Charleton Heston once remarked that the only acceptable villains left for Hollywood were Southerners, businessmen, small town politicians, and military men above the rank of Major. In the years since, Hollywood has added two more acceptable villains to that short list, space aliens and artificially intelligent machines. In Stealth, the villain is an artificial intelligence, and the result is a good example of the depths to which Hollywood has sunk with almost no politically correct real world villains left.

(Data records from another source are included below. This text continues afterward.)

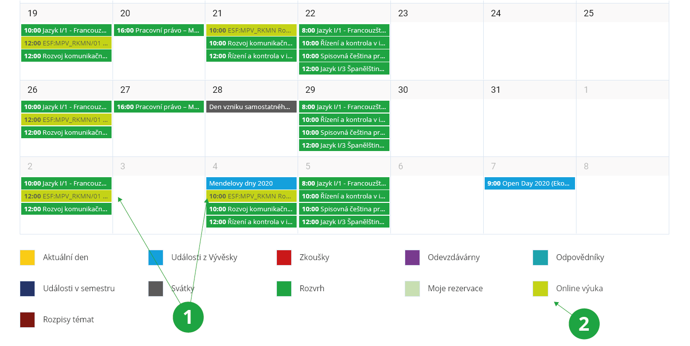 - 1.Kde uvidím, jestli je pro mne naplánová online výuka?Pokud je pro studenta naplánované online setkání v některém z videokonferenčních programů a vyučující tuto informaci zadal do IS VŠHCR, bude naplánovaná událost vidět v kalendáři lidí, kterých se týká: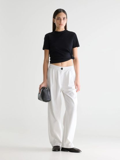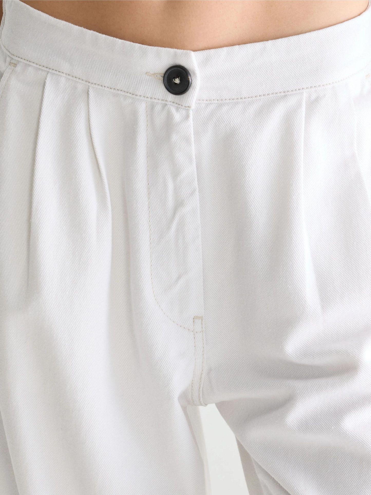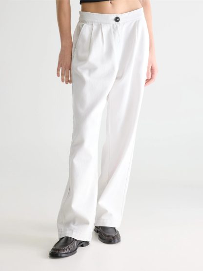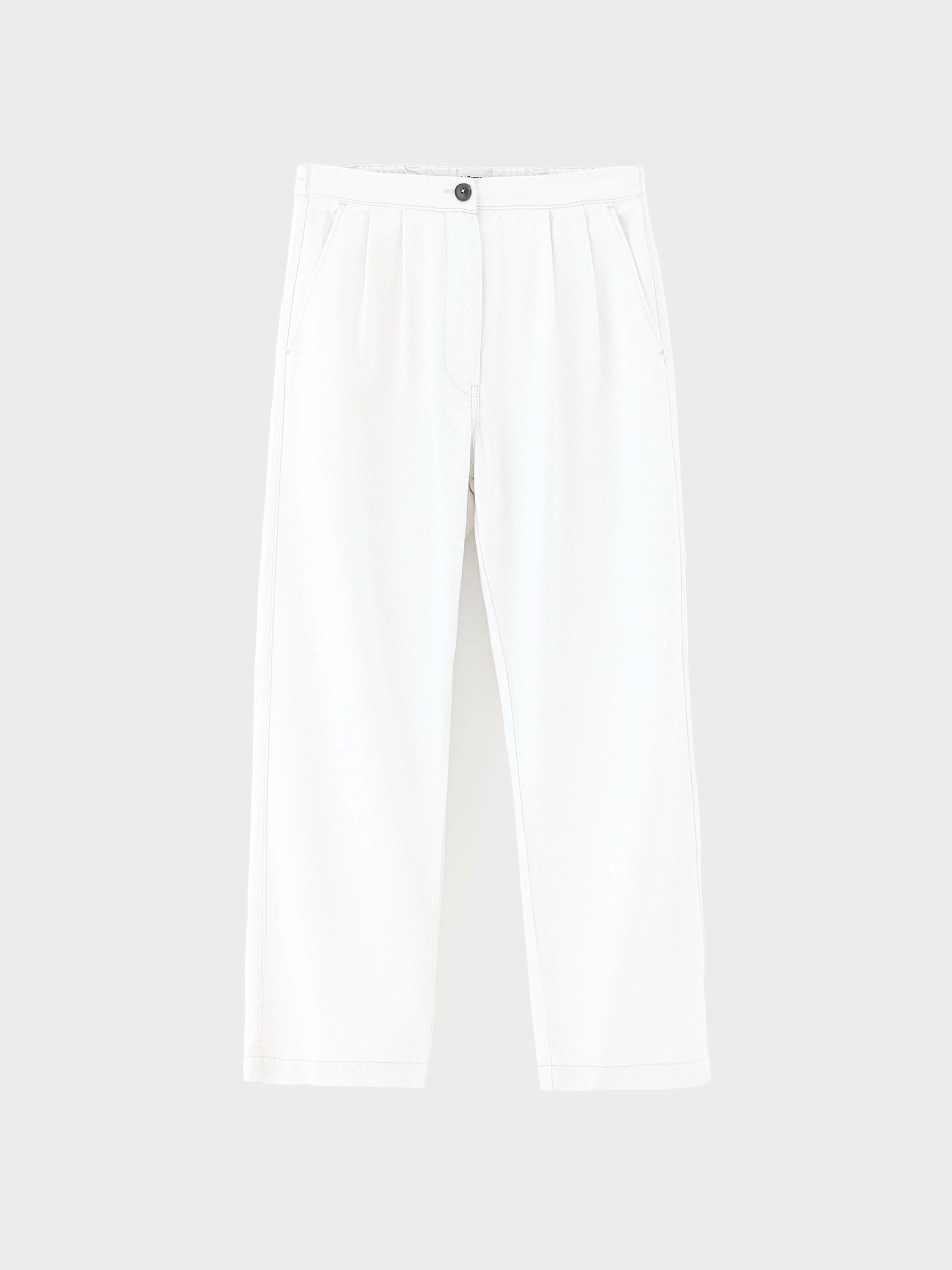 Deze off white broek van Bellerose maakt je outfit helemaal compleet. De broek heeft mooie rechte pijpen en een fit die lekker los valt zonder slordig te worden. Perfect met een simpel T shirt, maar ook heel fijn met een blouse of knit.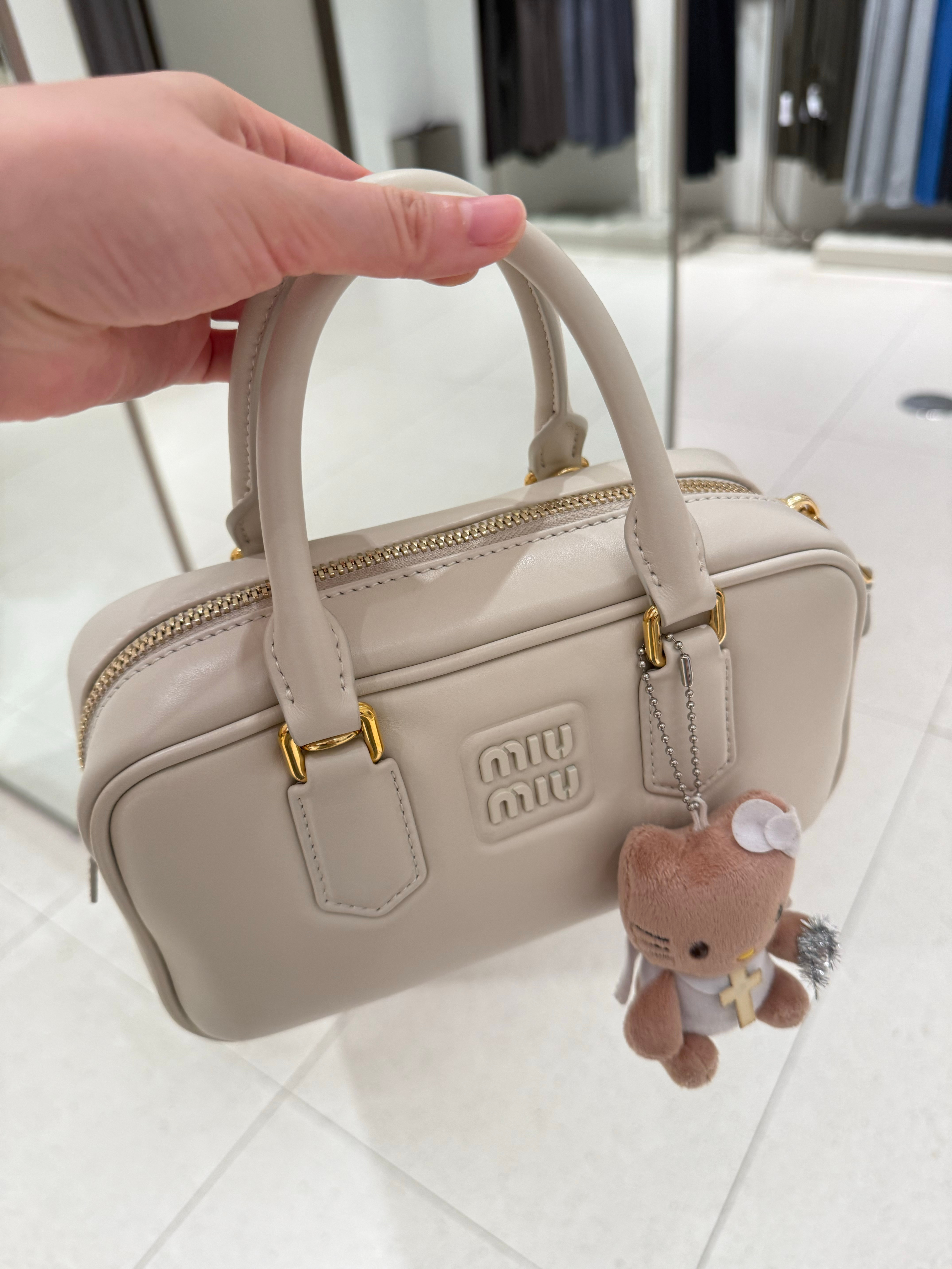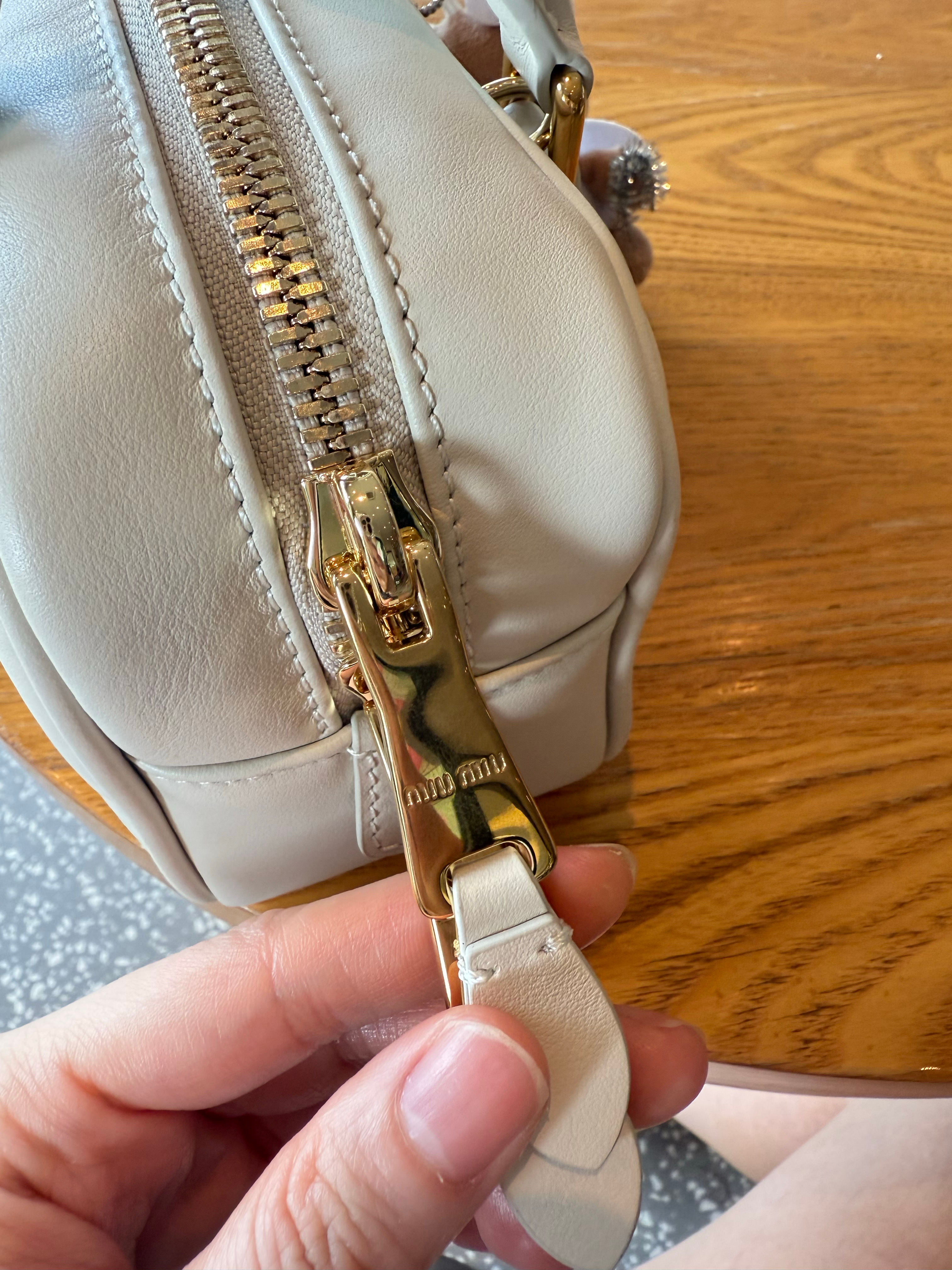 缪缪保龄球包测来了,在免税店看到这款回来买了个原厂芯片版,好牛逼,可以当Z品送人了,摸上去手感也是肉嘟嘟的,我又搜了下🍠的测评细节也对的上!!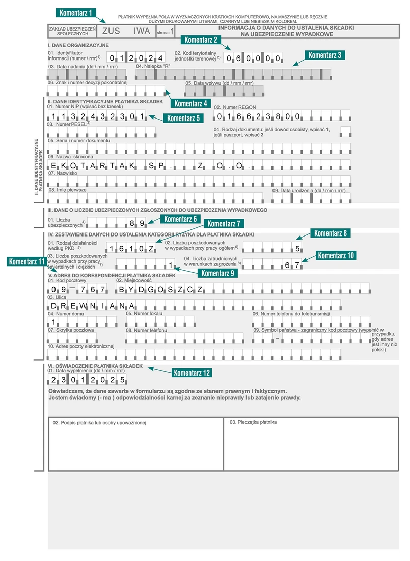 Informacja ZUS IWA składa się z 7 bloków, z których płatnik składek wypełnia 6 (ostatni blok to adnotacje ZUS).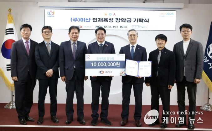 한광두 ㈜이산 사장은 “지역사회로부터 받은 사랑과 성원에 보답하고, 미래세대의 건강한 성장과 꿈을 응원하고자 장학금을 기탁하게 됐다”며, “이 장학금이 학생들에게 든든한 디딤돌이 되길 바란다”고 밝혔다.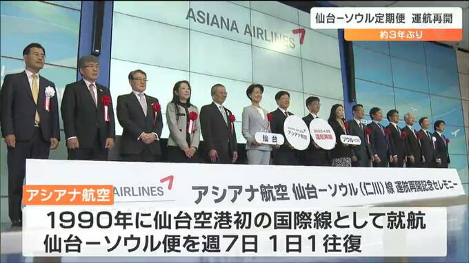 仙台空港では記念セレモニーが行われ、アシアナ航空や空港の関係者などおよそ20人が出席して再開を祝いました。
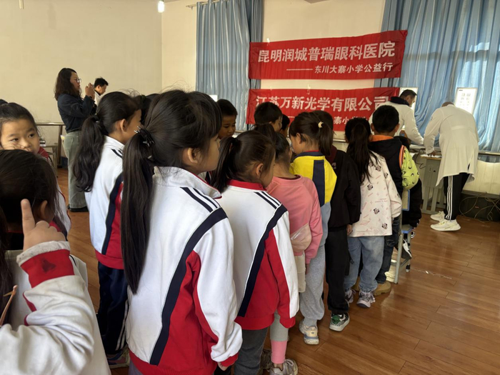 润城普瑞眼科持续两年在东川的山区学校进行校园近视防控公益活动,2024年9月24日,医院走进东川铜都街道姑海村姑海小学,为周边4个村落的56名孩子进行了公益视力检查。其中部分孩子近视度数已经超过了300度,却因种种原因从未戴镜矫正过。这些孩子长期在模糊的视界中学习、生活,不仅严重影响了学习效率。是近视防控公益行动,让这些孩子重新看清黑板。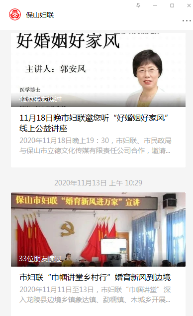 在保山电视台、保山广播电台、保山日报、保山新闻网、各单位网页、公众号、微博等媒体平台,开设婚育新风宣传专题栏,定期推送禁止早婚早育相关法律知识、婚育新风科普知识等。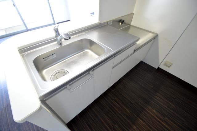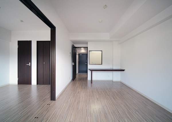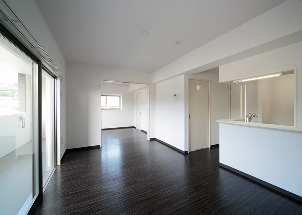 黒系のフローリン・建具に、白系のキッチンが高級感を演出

Directed by Rob Cohen (XXX, The Fast and the Furious), Stealth is about an elite Naval air unit of three pilots (Josh Lucas, Jessica Biel, and Jamie Foxx) who learn that they are to be joined by an intelligent unmanned aircraft known as the Extreme Deep Invader. (Which sounds like a sex toy.) The pilots aren’t too pleased about this, and for a while Stealth goes through the motions of exploring whether machines can or should replace human judgement. But the movie never establishes enough credibility to seriously explore anything, and besides, any fan of classic Star Trek already knows the answer to that one.
Before you can say “Open the pod bay door, HAL”, EDI, or Eddie as the pilots have come to call him, has been “rewired” by a lightening strike, and has gone rogue, threatening to start a war. Captain Kirk would have dealt with this sort of thing by shorting Eddie out with illogic, but Stealth is an action movie, so dogfights and high octane aerial scenes are the order of the day.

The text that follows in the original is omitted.